Generators and alternators are the primary methods of producing electric power. Generators create direct current (DC) power and alternators create alternating current (AC). In the early days of automobiles, car had DC generators; these have been completely replaced by alternators in modern vehicles. Likewise, in the early days of commercial power generation, a battle ensued between the technical wizards of the day between DC and AC for dominance -- a battle that AC won. But while alternators have been the big winners, generators still have their uses.
TL;DR (Too Long; Didn't Read)
Although DC generators have uses in specialized applications, the alternator's mechanical simplicity gives it an edge in vehicles and commercial electric power plants.
DC Generator Design
In terms of design, a DC generator is the simpler of the two. In fact, a DC generator can be used as a DC motor by applying power to the shaft, while the opposite is also true -- turn the shaft of a DC motor, and it will act as a generator. This is one of the greatest benefits of a generator: It will produce power purely from mechanical motion. As long as you turn the shaft, the generator will produce electricity.
AC Alternator Design
AC alternators are more complex electrically because they must convert AC to DC and this takes extra circuitry. Theoretically, an alternator can act as an AC motor, but it will not be a very good motor. However, an alternator produces a large amount of electricity and typically provides enough electricity to power all the devices on a car without taxing the battery at all.

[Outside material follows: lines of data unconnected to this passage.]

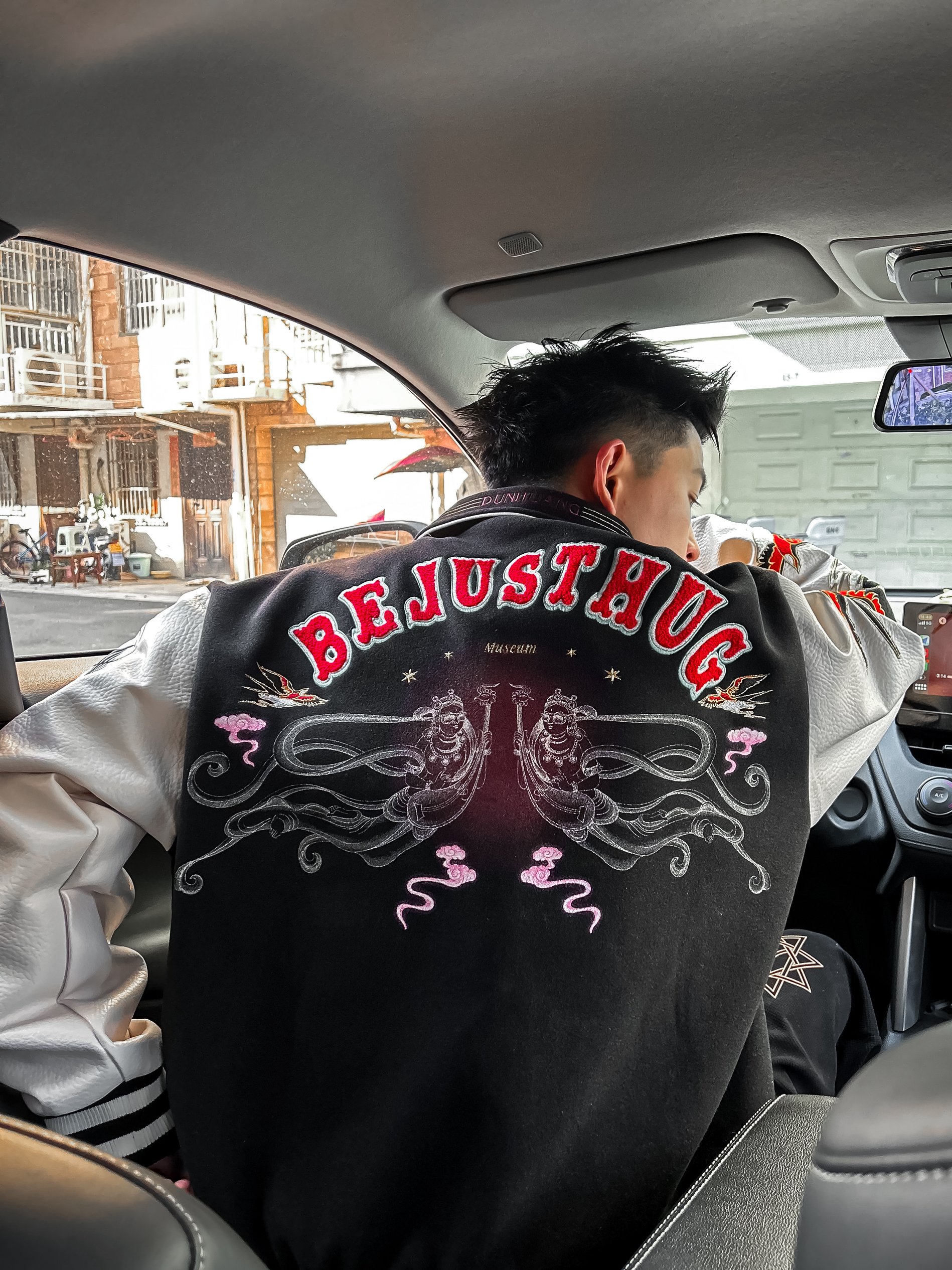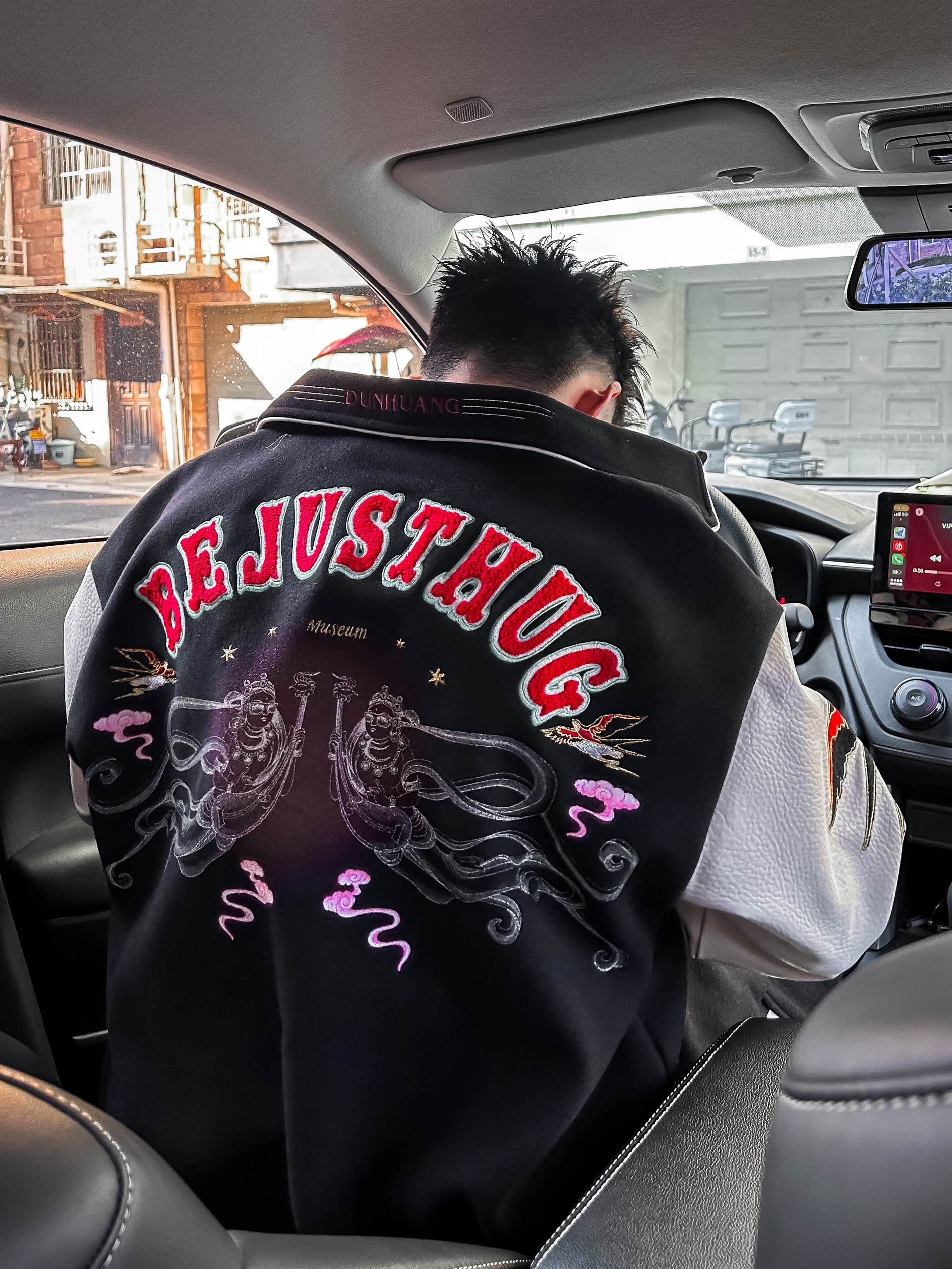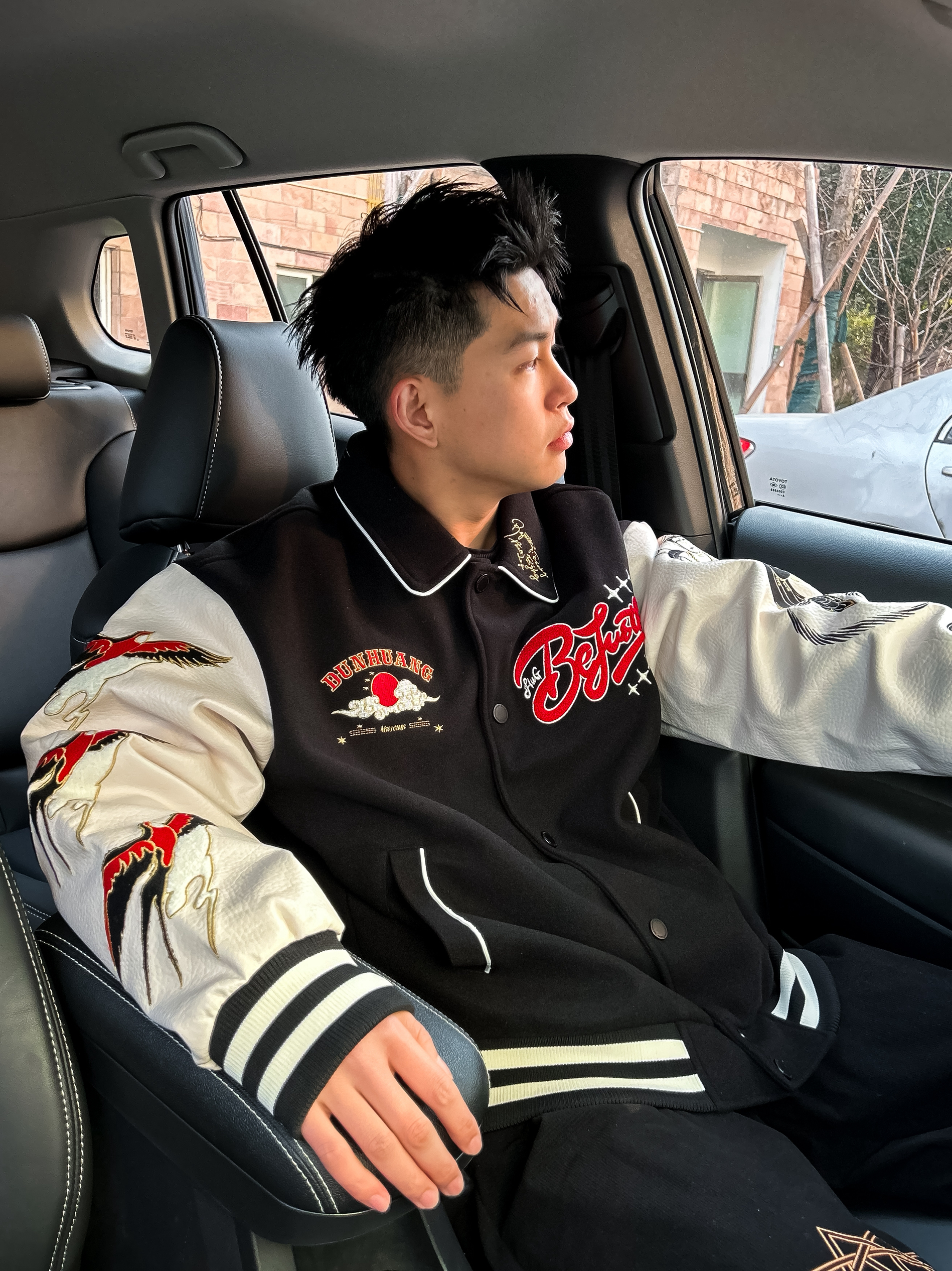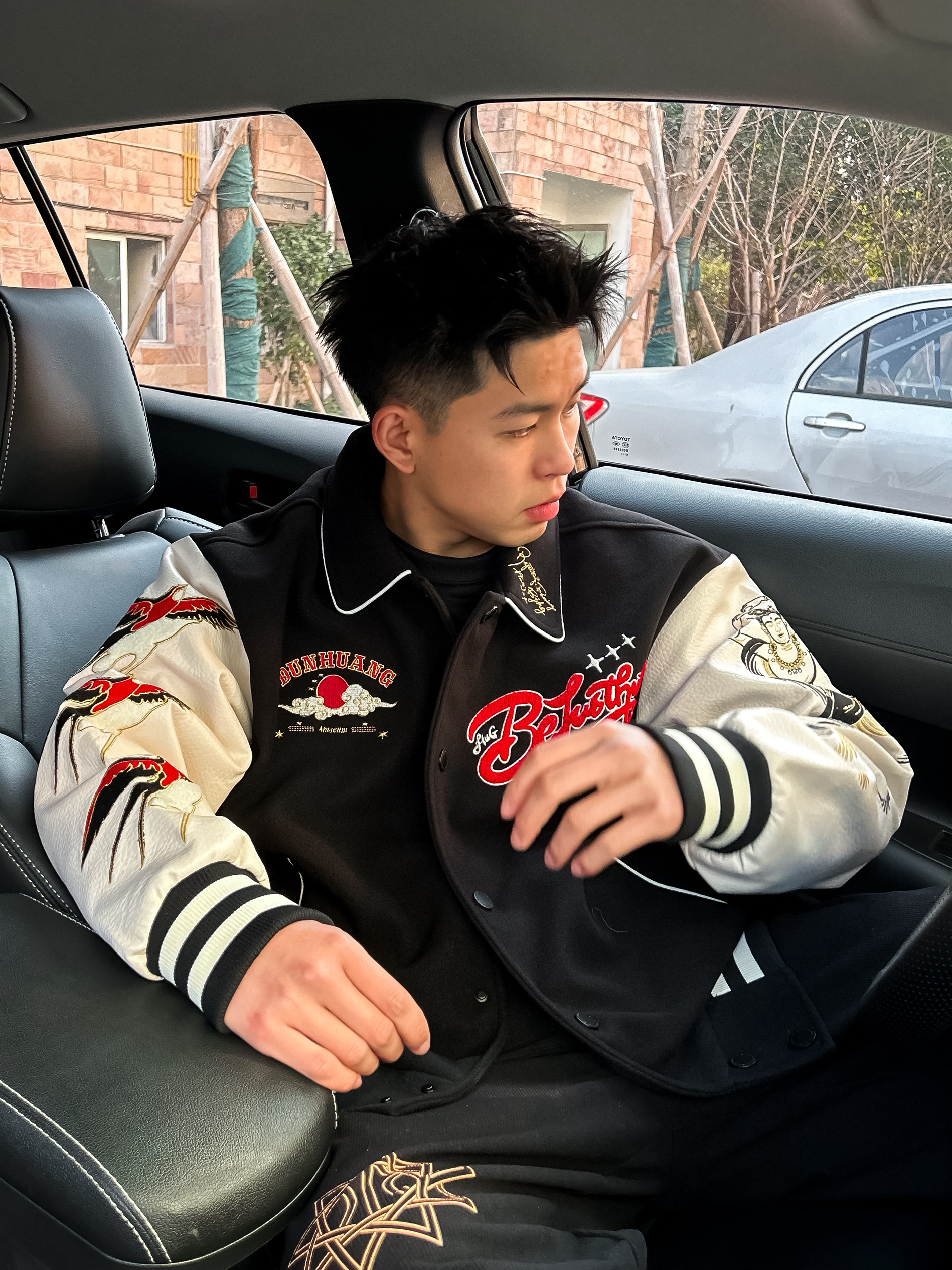 哈咯,这里是卢_SG 国潮风棒球服才是新年战袍的正确打开方式✨ 今日OOTD 上衣选择 BJHG 敦煌主题刺绣棒球服 背后的敦煌飞天刺绣和两个袖子也有重磅刺绣 把传统纹样和美式棒球服版型结合 既有东方古韵的飘逸线条,又有街头潮流的视觉冲击 衣身采用重磅毛呢面料,保暖性拉满 袖子是柔软的肌理感面料,活动起来没有束缚感 宽松版型,微胖也能不显肉! 日常出门穿回头率很高!!! 裤子搭配一条黑色...
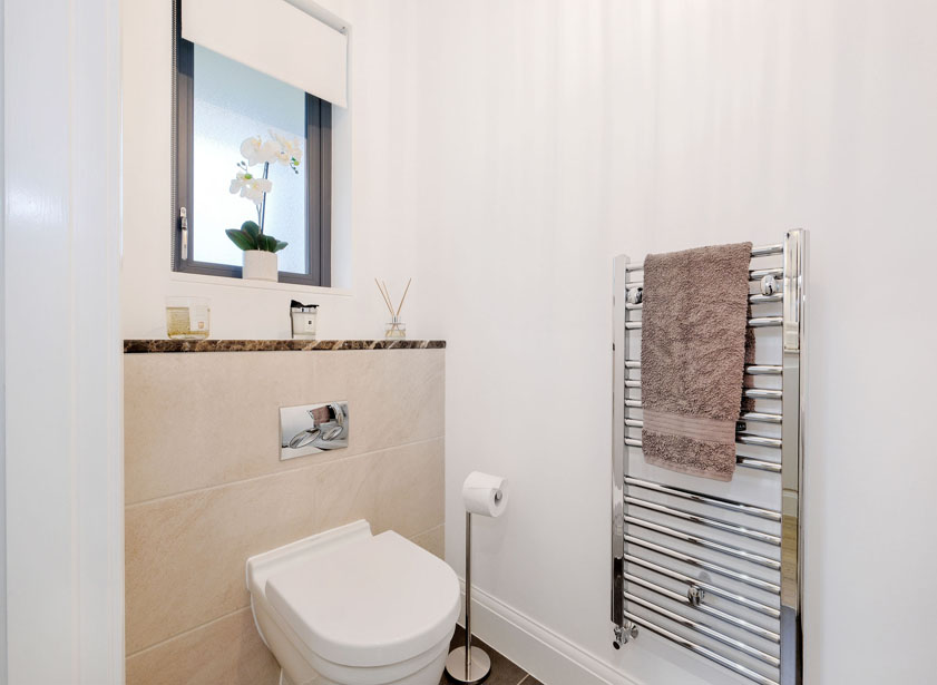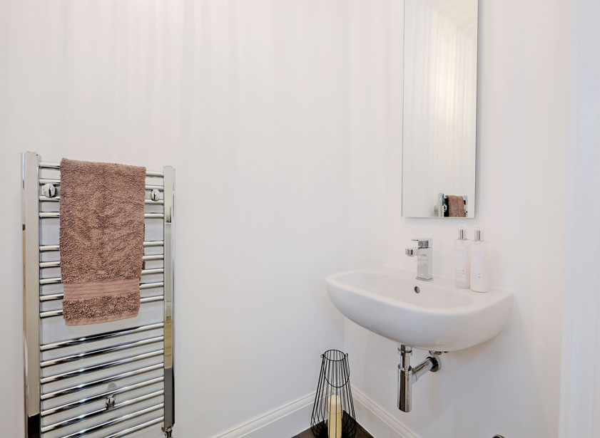 A good sized cloakroom fitted with a white suite comprising suspended wash hand basin and w/c with concealed cistern. Opaque window to the front. Heated towel rail, ceramic tiled floor.
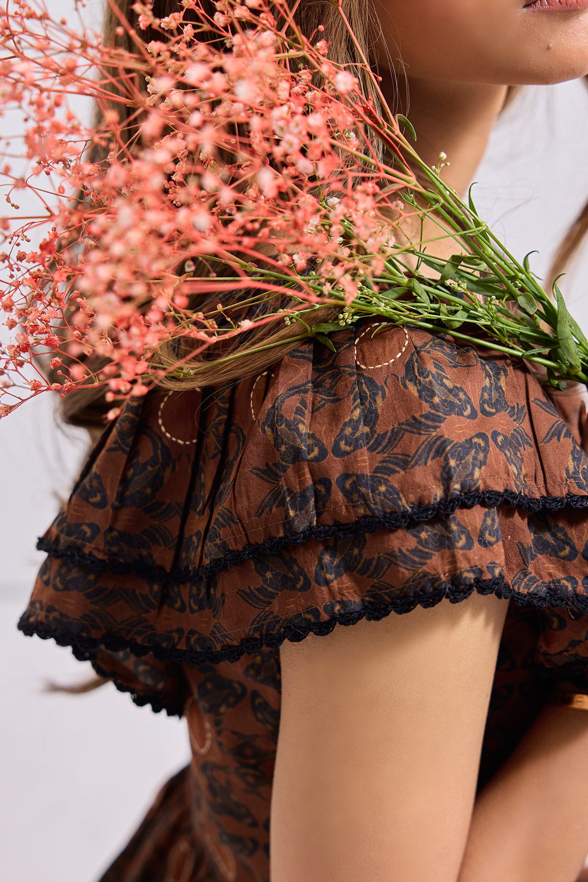 Brown cotton digital printed midi dress with with hand embroidery, ruffled neck and crochet details with comfortable fit
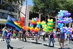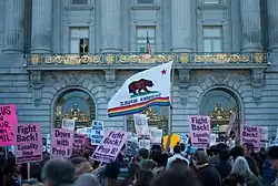 In 2014, California became the first state in the U.S. to officially ban the use of gay panic and transgender panic defenses in murder trials.[5] Public schools are also required to teach about the history of the LGBTQ community and transgender students are allowed to choose the appropriate restroom or sports team that match their gender identity. Most support for LGBTQ rights can be seen in the largest cities, such as Los Angeles, San Diego, and San Francisco, as well as many cities on the Pacific coast. A 2017 survey from the Public Religion Research Institute showed that 66% of Californians supported same-sex marriage. Since November 2022, 10% of the individuals within the California Legislature are LGBTQ members immediately after the elections—a record first for the United States.[6] In July 2024, a newly implemented law went into effect a first for the United States—explicitly banning outing of LGBTQ individuals within public schools.[7]
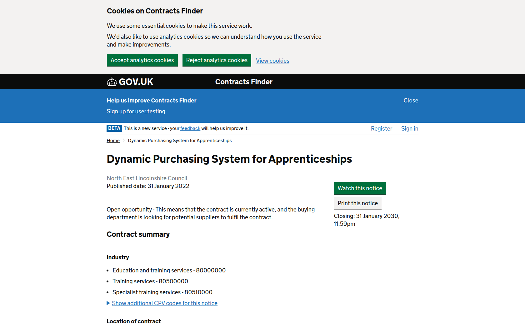 North East Lincolnshire Council (the Authority) is inviting providers to participate in a Dynamic Purchasing System (DPS) for Apprenticeship.
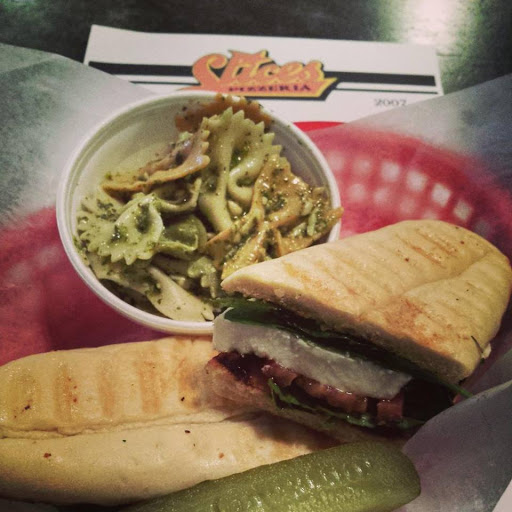 Great place to have lunch or dinner! Very friendly staff and management is some of the best around. Food is awesome ie I love the calzones.prices are fair for what you get. Hey you want a $3 meal youll get usually get a $3 meal. You want a great meal made fresh in front of you for a fair price then I recommend trying slices.
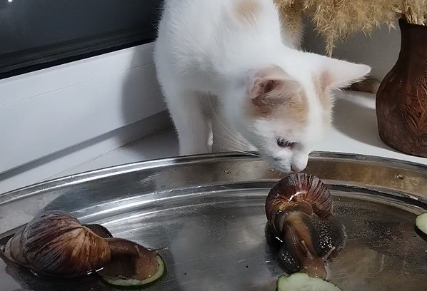 — У дома живут улитки ахатины,- рассказывает Юлия. — Эти моллюски стали довольно популярными домашними питомцами. Отличаются своим изяществом и миролюбивостью. Они обладают своим характером, а еще реагируют на голос хозяев. Вытягивают свои антенки и поворачивают их в разные стороны. Мне кажется, они так реагируют на вибрацию голоса, а ещё любят покушать и поспать, и за ними нужно приглядывать — склонны к побегам. Лучше держать улиток в контейнере, чем он больше, тем крупнее вырастет улитка. Наш кот Элиос любит за ними наблюдать, но не трогает, немного боится. Кстати, они довольно прожорливые, минут за пять могут огурец съесть, а купание — их любимая процедура.
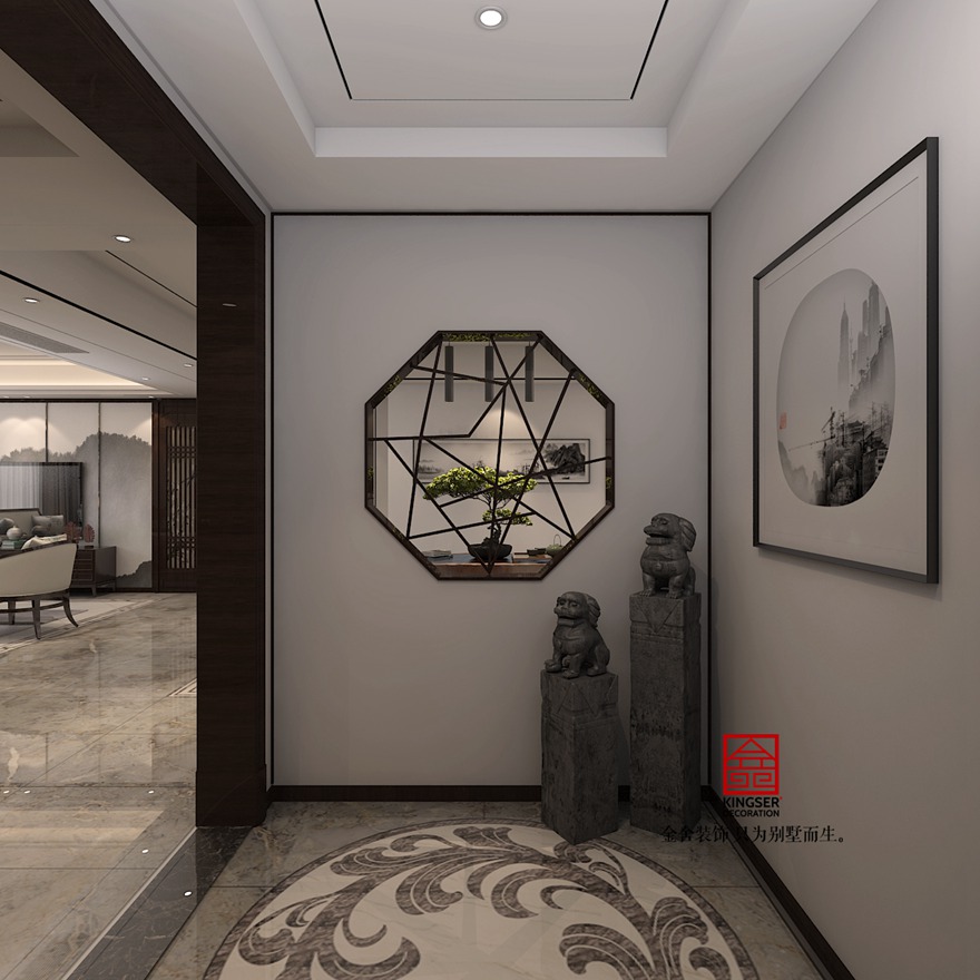 整體的色調以黑白灰為主,根據需求從新劃分功能空間,并參考了中式園林里面的造景手法,達到室內空間的“一步一景”。入戶玄關位置把原有的墻面做了一些拆改,透過中式八角窗,映入眼簾是茶室桌面上的盆景,兩個石獅子也體現了充分的中式元素。錯落的竹節燈,不僅起到了照明的作用,也有著著節節高升的寓意。家具造型簡約,采用棉麻、·胡桃木、金屬等材質打造空間內的氣質元素,與香道飾品完美融合,收放自如的詮釋了東方的精髓,讓人倍感上流社會的優雅與品味。

The generator is the exact opposite of the alternator. In the generator, a winding of wires spins inside a magnetic field to create a current. In an alternator, a magnetic field is spun inside a winding of wires. Efficiency is on the alternator’s side, as the wire winding is the biggest and heaviest part of both devices, so the alternator is spinning the lightest part. This means the alternator can work at a higher speed and produce more power at lower speeds.
Rings and Brushes
Alternators tend to be more reliable than generators, largely because of the difference in how they each use rings and brushes. DC generators use split rings, which cause the brushes to wear more quickly; the brushes rub against the break in the ring. An alternator uses solid rings, which experience less wear and tear.
Stepping Up or Down
When you move beyond cars to commercial power generation, AC becomes the big winner. Transformers work only with AC. Because of this, a transformer can easily step up or step down the voltage from an alternator. When the voltage is stepped up, it is much easier to send it long distances over power lines with good efficiency, then step it down again for use in your home.